## WHAT TO PRODUCE:
Exactly as they appear below, repeat the lines from the one with "Poi fare delle" through the one with "2020年蚌埠醫(yī)學院". Drop every picture.

## RECORDS SUPPLIED:

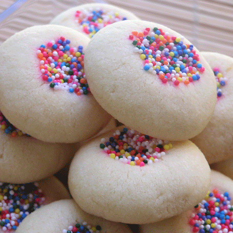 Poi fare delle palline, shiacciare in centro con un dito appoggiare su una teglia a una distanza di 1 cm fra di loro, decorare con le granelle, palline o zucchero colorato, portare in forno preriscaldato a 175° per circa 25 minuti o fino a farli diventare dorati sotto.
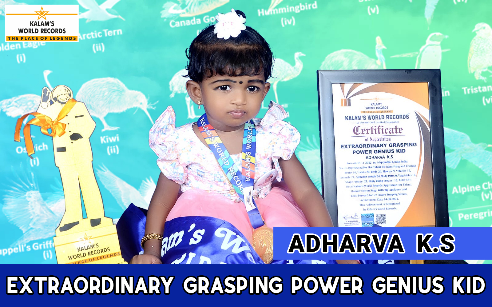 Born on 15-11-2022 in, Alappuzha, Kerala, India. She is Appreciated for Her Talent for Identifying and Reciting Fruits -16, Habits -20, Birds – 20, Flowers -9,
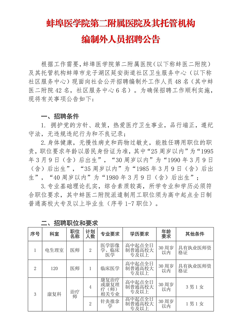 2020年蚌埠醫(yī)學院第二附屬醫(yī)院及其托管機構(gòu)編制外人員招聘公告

==

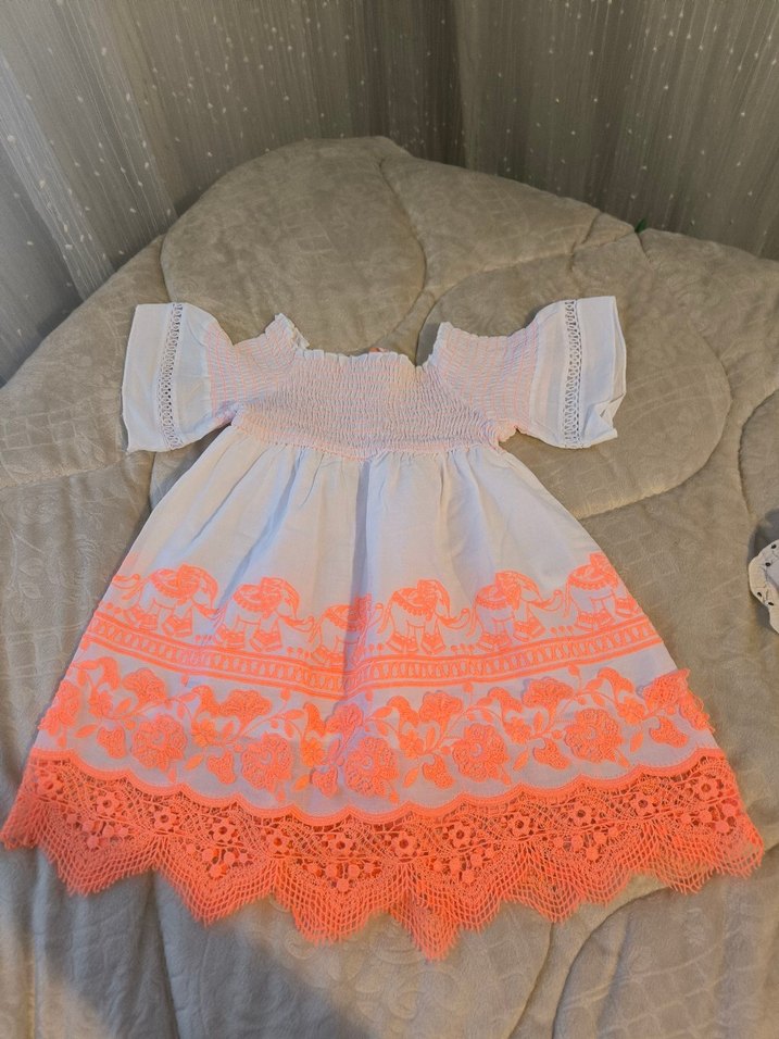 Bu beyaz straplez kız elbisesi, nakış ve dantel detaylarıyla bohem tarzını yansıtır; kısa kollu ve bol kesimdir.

## SOLUTION TO THE EXERCISE:
 Poi fare delle palline, shiacciare in centro con un dito appoggiare su una teglia a una distanza di 1 cm fra di loro, decorare con le granelle, palline o zucchero colorato, portare in forno preriscaldato a 175° per circa 25 minuti o fino a farli diventare dorati sotto.
 Born on 15-11-2022 in, Alappuzha, Kerala, India. She is Appreciated for Her Talent for Identifying and Reciting Fruits -16, Habits -20, Birds – 20, Flowers -9,
 2020年蚌埠醫(yī)學院第二附屬醫(yī)院及其托管機構(gòu)編制外人員招聘公告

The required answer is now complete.